Police arrest former Co-op chairman and Methodist minister in drugs investigation

Former Co-op bank chairman Paul Flowers has been arrested in the UK in connection with a drugs supply investigation, police said today.

West Yorkshire Police said officers arrested the 63-year-old in the Merseyside area last night and detectives are questioning him at a police station in West Yorkshire.

Mr Flowers, a Methodist minister, was suspended by both the church and the Labour party following allegations that he bought and used illegal drugs.

Mr Flowers stepped down from his role as Co-op bank chairman in June and questions have since been asked about his competence in the role.

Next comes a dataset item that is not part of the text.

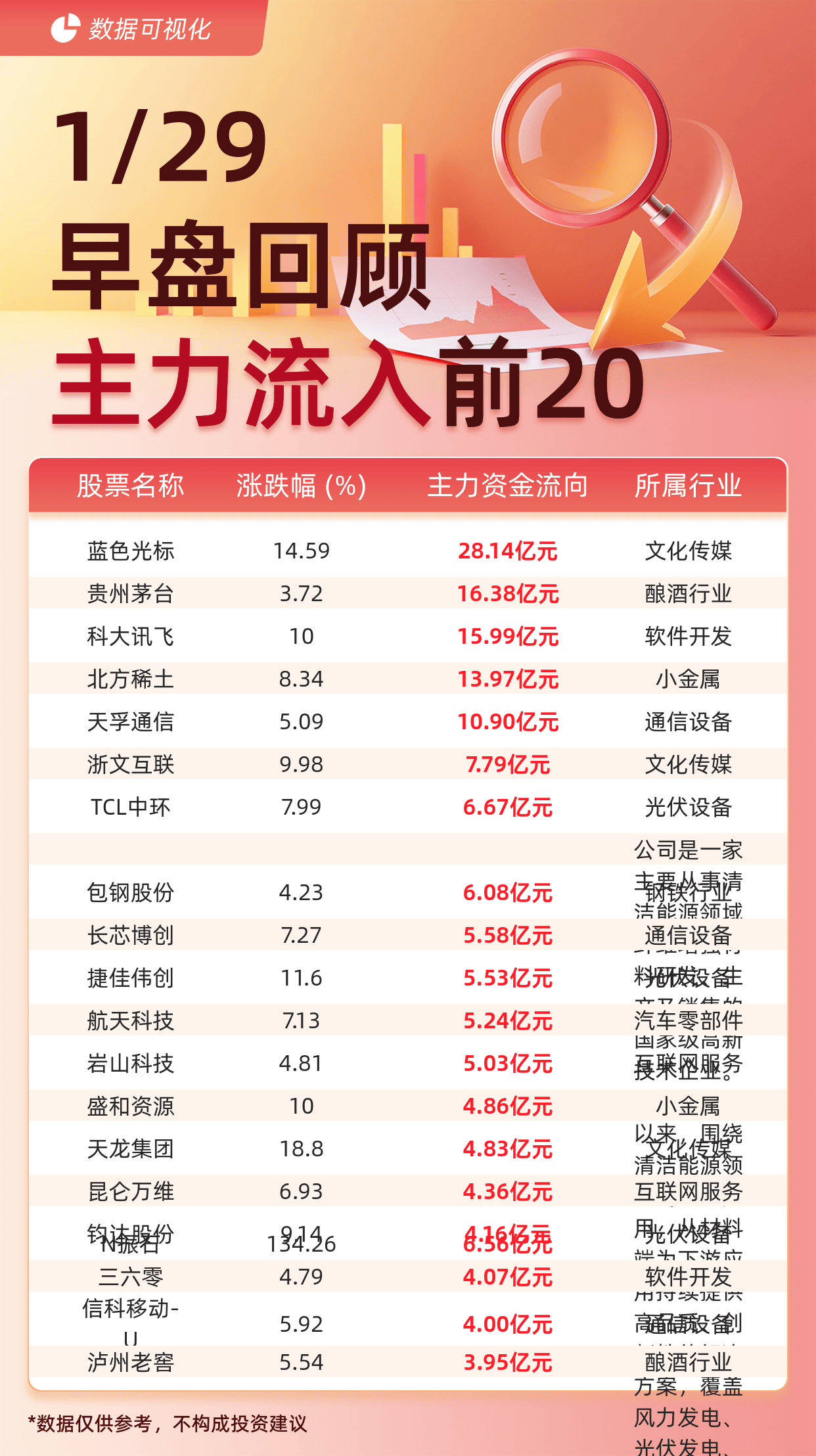 根據交易所最新披露的數據,1月29日午間收盤前,A股市場主力資金呈現顯著分化格局。以藍色光標、貴州茅臺、科大訊飛為代表的20只個股成為資金追逐焦點,其中藍色光標以28.14億元凈流入額位居榜首,較第二名貴州茅臺高出近12億元,形成明顯斷層優勢。
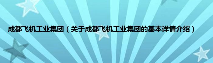 本文关于成都飞机工业集团的基本详情介绍就讲解完毕,希望对大家有所帮助。

He has also been engulfed in allegations of illegal drug use, gay sex, questions over his expenses claims at a drug charity and drink-driving.

It also emerged he had resigned as a Labour councillor after adult material was discovered on his computer.

Co-op bank is seeking to recover contractual payments made to Mr Flowers, and he has been told to hand back £31,000.

“When Paul Flowers relinquished his responsibilities in June, it was agreed, as per his contractual obligations, that his fees for the rest of his period of office would be paid,” the bank said in a statement.

“Following recent revelations, the board stopped all payments with immediate effect and no further payments will be made.”

An “internal fact-finding review” – looking at emails and other evidence – is being carried out by the bank.

The assistant secretary of the Methodist Conference, the Rev Gareth Powell, acknowledged the risk that allegations against Mr Flowers would ``tarnish'' the church's reputation.

Mr Powell told the BBC: “I think inevitably some of the speculation has raised questions, as it always does for the church, about the trustworthiness of ministers.

“Inevitably, it’s regrettable when the allegations made against one minister then tarnishes the extremely good and honourable work undertaken by all of our ministers.

“Certainly the actions that are now under public scrutiny inevitably raise a question about the role of the church.”